Wowbagger 11-09-2007 06:40 PM

Is the first word of the website spelled "5ive?"

I rest my case.

And, yes, if anyone continues to promulgate this silly "5MV" concept, I will have no choice but to resort to drastic measures.

Nate the Great 11-10-2007 05:20 AM

Spelling is not the point. Never was. The glossary says 5MV. It also says that it's not FMV. Not too many loopholes, are there?

Nate the Great 11-21-2007 01:24 AM

I suppose this is sort of a PNQ, but it concerns a reference to one of my fivers, so we might as well open up this thread again. From my Blood Oath fiver:

Kang: Whatever. I wash my hands of you... what's that smell?
Dax: That's soap. You wouldn't have smelled it before.

This is actually a very VERY subtle reference to another movie, placed there with the knowledge that nobody would ever get it. Yes, I'm ever so evil.

PointyHairedJedi 11-25-2007 10:02 PM

Fight Club, maybe? That's the only soap reference that's floating across my mind right now.

Nate the Great 11-25-2007 10:29 PM

Not even remotely. It's a reference to a very fine miniseries called The Magical Legend of the Leprechauns. At one point a group of leprechauns are going to a floating castle by riding inside a soap bubble (leprechauns can't fly, remember?), and one says "What's that smell?" Another says "That's clean. You wouldn't have smelled it before." It's a comment on leprechaun hygeine. This is a reference that I only included for my own sake, and I knew going in that nobody would get it. The habits of Klingons regarding cleanliness just seemed like a great place to indulge myself. Plus, I get the additional joy of implying that Kang may have been "softened" a bit by his interactions with humans by at least learning subconciously to distinguish between dirty smells and clean smells.

PointyHairedJedi 11-25-2007 10:41 PM

In which case, 'very subtle' was indeed something of an understatement.

Nate the Great 11-25-2007 11:49 PM

Very very subtle? Ubersubtle?

mudshark 11-26-2007 05:58 AM

Roger Daltrey as the King of the leprechauns? http://i57.photobucket.com/albums/g2...laughing02.gif

Nate the Great 11-26-2007 06:40 AM

No, Colm Meany (yes, that's right, Smiley O'Brien himself) is the king of the leprechauns.

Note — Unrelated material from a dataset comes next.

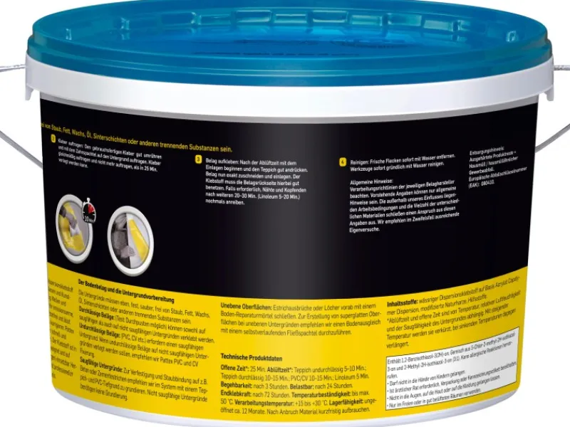 Anwendung: Es ist darauf zu achten, dass der Untergrund sauber, rissfrei, fest, trocken, tragfähig und trennmittelfrei ist. Der Belag wird großflächig ausgelegt und zur Hälfte zurückgeschlagen. Der Dispersionskleber ist gebrauchsfertig und kann nach sorgfältigem Umrühren einfach mit Rolle oder Zahnspachtel aufgetragen werden. Nach ca. 10-15 Minuten Ablüftungszeit kann der Belag ohne Lufteinschlüsse in das noch nasse Klebstoffbett eingelegt und gut angerieben werden.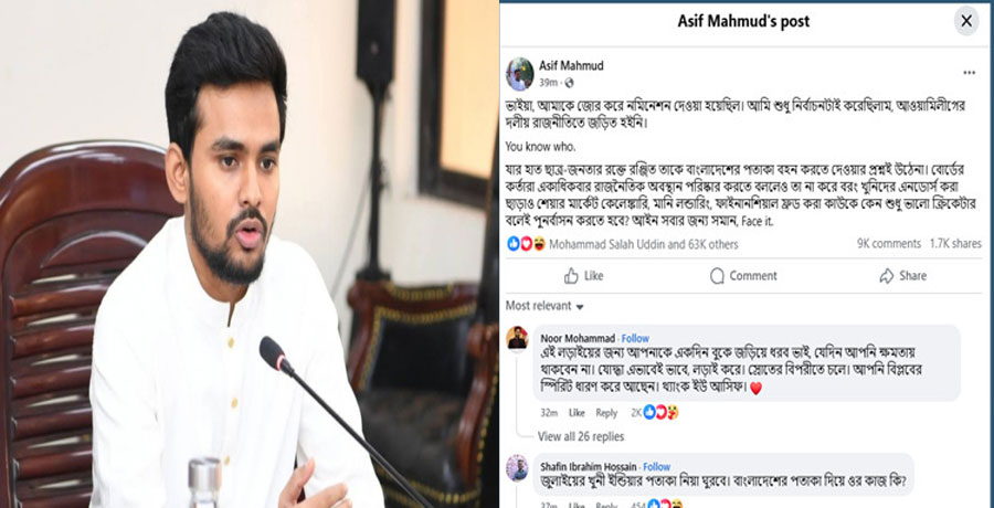 নাম উল্লেখ না করে এবার দেশসেরা ক্রিকেটার সাকিব আল হাসানের নমিনেশন পাওয়া ও আওয়ামী লীগের রাজনীতি করা বিষয়ে ফেসবুকে স্ট্যাটাস দিয়েছেন যুব ও ক্রীড়া উপদেষ্টা আসিফ মাহমুদ সজীব ভুঁইয়া। দুদিন ধরে তাদের মধ্যে চলছে কথার লড়াই।

Roger Daltrey is the king of the trouping fairies.

Wowbagger 12-03-2007 02:27 AM

Believe it or not... I've seen that movie. And I remember the line, now that you mention it.

(Freak.)

This is from Five-Minute "Azati Prime":

Archer: Oh, gimme a break. You again? What do I have to do this time, go back to the 1960s to stop Gene Roddenberry from shooting JFK?
Daniels: I'm more of a 40s man. But no, we're in the future, so I can explain something to you. I know how much you enjoy saving the future from yourself....
Archer: (nod) I'm a dangerous man.

I *think* there are two references here. "I'm a dangerous man" is obviously a quote. And the "40s man" just sounds like a punchline of some kind. Anyone?

EDIT: Also:

Bouncer of the Underused Characters' Tavern: Welcome back, Mr. Mayweather. Welcome... home.

I know I've heard that elsewhere. Can't remember where.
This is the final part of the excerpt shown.